Most of the rest of the speech is primarily to placate the Left and Islam. It would be tediously long to quote, so here’s a summary and interpretaion: Al Qaeda has ‘distorted and defiled Islam’; it has even attacked Muslims, for instance in Amman and Bali; our use of force in Afghanistan was fully sanctioned by both Congress and the UN’s international approval; then we were distracted from pursuing it properly by the unjustifiable, illegal war that Bush (not named but fully blamed) waged on Iraq; although I am going to send 30,000 more troops to Afghanistan, after 18 months all our troops will begin to come home; after that we’ll keep a kindly eye on the progress the Afghans make in becoming a country that is not corrupt, holds elections without fraud, and grows something more desirable than opium; we must exercise restraint in the use of military force; in any case we cannot afford to wage war because we have an economic crisis and what resources we have must be used to change America to you-know-what; I don’t really like bothering with foreign affairs at all very much, but since I have to let me remind you that we’ve got other tasks to do in the world, for instance in ‘disorderly regions’ (such as, not needing to be named to those who know, the Middle East); we’d rather negotiate peace than fight for it, even with the Taliban; but if the Taliban has to be fought let Pakistan do the fighting, we’ll pay them to do it; I am pursuing the goal of a world without nuclear weapons; I’ve prohibited torture; I’ll close the prison at Guantanamo Bay; I’ll speak out for human rights everywhere in the world (okay, not in China, or Cuba, or Venezuela, or Saudi Arabia, or … No, he doesn’t imply this, it just happens to be the case.)
But he fears he might not have pleased both sides after all.

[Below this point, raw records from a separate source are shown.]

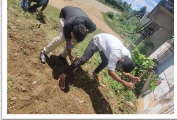
Students working in village beautification program on 02/10/21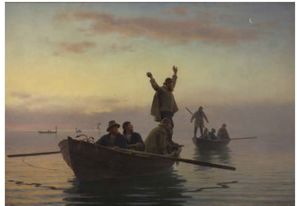
A. Dorph, Hornfiskefangst med drivvod. Tidlig morgen, 1880 Statens Museum for Kunst Public domain

18 (19) 20 (21) cm. Bind off the centre 29 (33) 37 (41) sts and finish each side separately. Bind off 2 sts at the neck edge at the beginning of the row a total of 2 times, then 1 stitch 1 time. Work straight across the remaining 45 (49) 53 (57) sts until the armholes measure 20 (21) 22 (23) cm. Slip the sts for the first shoulder to a stitch holder and finish the second shoulder in the same way as the first, only mirror reversed.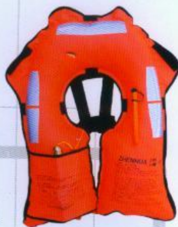
气胀式救生衣 INFLATABLE LIFE JACKET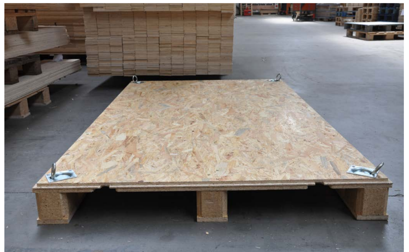
Clip-Lok Expendable box with rings at four corners of the pallet to strap the machine during transport.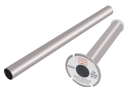
Shear force dowel Egcodubel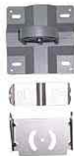
wall mount kit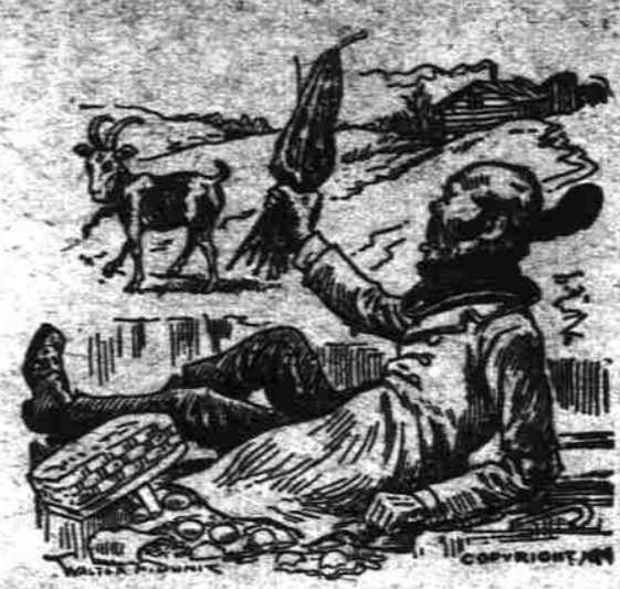
Talking through his hat.

the man is who tells you that he can rival our laundry work in beauty or general satisfaction to the wearer. We keep on top in up to date laundry methods and we take special pains to please each individual patron in the exquisite finish and general renovation of their linen. Care in handling is our watchword.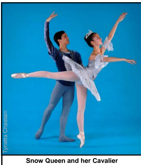
Snow Queen and her Cavalier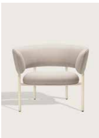
FONT LOUNGE ARMCHAIR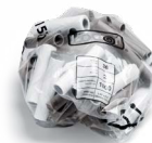
LoCor® Tissue vs Universal Bath Tissue (80 Roll / 500 Sheet Count)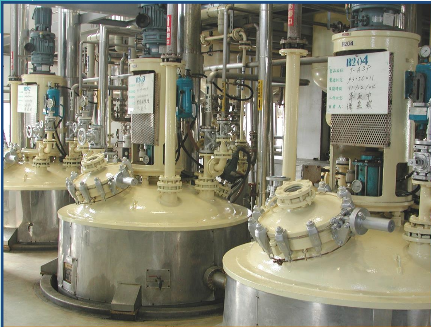
3,000 L Glass Lined Reactors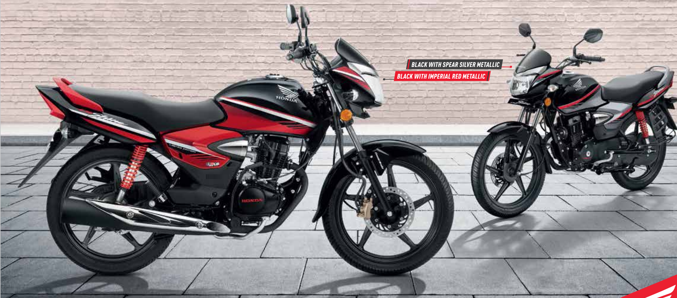
BLACK WITH SPEAR SILVER METALLIC BLACK WITH IMPERIAL RED METALLIC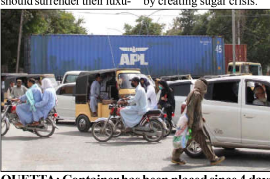
QUETTA: Container has been placed since 4 days in redzone area while commuters are facing inclashes between the tribes. | convenience due to blocked of road in Quetta.

'Taxes not being imposed over the feudal. They don't pay sugarcane price to farmer and mint money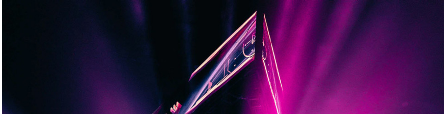
Valmar Plays Hard with Robe at Budapest Arena

He anticipates disagreement and rebukes it:
‘This vast and diverse citizenry will not always agree on every issue — nor should we. But I also know that we, as a country, cannot sustain our leadership nor navigate the momentous challenges of our time if we allow ourselves to be split asunder by the same rancor and cynicism and partisanship that has in recent times poisoned our national discourse.’
He ends with a series of grandiose but entirely empty rhetorical flourishes designed to elicit applause, which they did as a mater of courtesy and custom, though most of the speech was listened to without it. No wonder. It was a self-serving exercise, not improved by the flattery bestowed on the audience.
‘America, we are passing through a time of great trial. And the message that we send in the midst of these storms must be clear: that our cause is just, our resolve unwavering. We will go forward with the confidence that right makes might, and with the commitment to forge an America that is safer, a world that is more secure, and a future that represents not the deepest of fears but the highest of hopes. …’
Are the Patriots deceived? Is the Left placated and are Muslims appeased? It remains to be seen.